The piece from Janell Hobson, “Viewing in the Dark: Toward a Black Feminist Approach to Film” introduced more than just the otherness of Brown’s piece. Hobson brought out more than physicality in this work. She went further than Williams by saying that black women’s bodies in film may hold the “Jezebel or tragic mulatto, but there is also displeasure in such cases as grotesque mammies and Sapphires.”[32] Hobson agreed with Brown and Ruiz by saying that black women were usually in the background. She agreed with Westbrook and Williams that female characters in film are there for the pleasure of men, if they were seen at all. Hobson went on to say, “black female voice as the singers [in movies may] provide the emotional and ‘soulful’ track of the narrative of the white male protagonist in search of his soul.”[33] Because the singers weren’t seen, it

Further implies how the black woman’s [non] presence ensures the identity of white masculinity. Her invisible blackness signifies in polarity with his visible whiteness… as his racial and sexual ‘other.’ She symbolizes what is most foreign to him… Such contrast further reflects his internal struggles and the contradictions of his hegemonic status.

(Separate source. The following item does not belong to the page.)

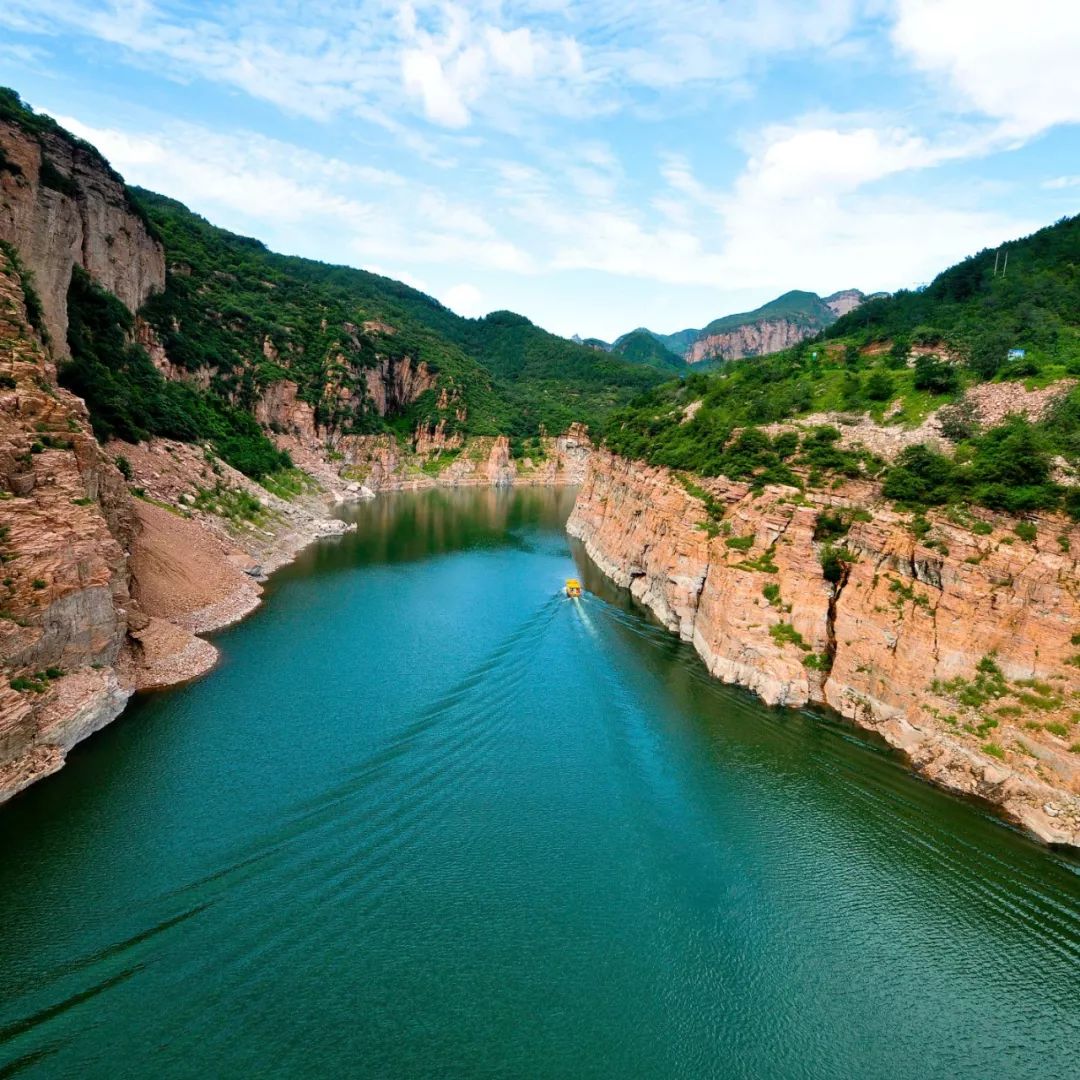 位于邯郸武安市西北部山区的口上村北,亦称口上水库,其有“太行三峡”之称。湖面呈倒“人”字型,分东西两支,总长十余里。两岸险峰对峙,怪石嶙峋,摇舟穿峡,仰望蓝天一线,俯视碧水一带,大有“峰与天关接,舟从地窟行”之感。

Janell Hobson stylizes herself as “scholar, writer, educator, and critic.”[34] She is an Associate Professor of Women’s Studies at the University at Albany, State University of New York. Hobson, and has a Ph.D. in Women’s Studies from Emory University. She has authored two books and many articles on racism and gender. Her thematic film piece is fantastic and this author highly recommends it.
Ann Kaplan wrote not just on women seen or heard in film, but also on women working on the films, and included discussion on college courses of study on her subject. Kaplan’s point that film was a heavily male dominated field correlated with the two previous authors, as well as the idea that the portrayal of women was “probably a result of traditional sex-role typing.”[35] Kaplan went further by saying that the relationship of film and women varied “from period to period, and depends on the style [of the] director.”[36] Kaplan told her audience that studying films is necessary and should be pursued, similar to Scott’s argument. She agreed with May that women’s traditional role has been in the home setting. Women in film have been consistently viewed through male eyes wrote Kaplan, just as many of the above authors.
Coming from a different field, the British Film Institute, Dr. Ann Kaplan came from is an Assistant Professor at the University College of Rutgers University. She teaches women and film, and was the initiator and developer of the program there. She has also written other articles on the subject as well as a book entitled Women and Film: Both Sides of the Camera. Her paper was somewhat choppy, but gave a good message, and showed a thorough knowledge of the subject.
The message of “Sex as a Weapon: Feminist Rock Music Videos” was not so obvious a title for the next article. Robin Roberts used the title of Pat Benatar’s song “Sex as a Weapon” within her own title possibly for recognition by the reader. It was understandable, but only after reading the entire paper (or perhaps a Pat Benatar fanatic might have known?). The document was more about how women artists used their sexuality for their own benefit and power. This was different than the film authors noted. However, there was certainly some agreement with Westbrook and minimally by Brown. Roberts went further by saying that this art form was a complex interaction of the artist with the viewer, whether man or woman. Roberts gave three female performers (Tina Turner, Janet Jackson and Pat Benatar) as examples, but her thought provoking discourse brought to mind others within the same context, such as TLC, Madonna, and Lady Gaga.
Roberts is Dean of Fulbright College in Fayetteville, Arkansas. She was previously at Louisiana State University where she taught English and Women’s and Gender Studies. She has authored five books, “dozens of articles and more than seventy-five papers.”[37] Ratemyprofessor.com rated her at an average of 3.6, where one student said that she “knows her stuff.”[38]  This was evident in Robert’s document, although it was completely biased and should have included some opposing videos.
The papers and books presented have all included many of the same aspects. Many of the authors spoke of

femininity and its position with power and subordination. Portraits of women through photographs and

movies have been seen through men’s eyes and arguably through women’s as well. The typical portrayal of

women was usually the ideal of being a housewife, mother, and sex symbol. Some women have taken their

power back to create themselves. Women were not just idol objects, but were participatory in their

representation and in history.


Bibliography

Baker, Jean H. Sisters: The Lives of America’s Suffragists. New York: Hill and Wang, 2005.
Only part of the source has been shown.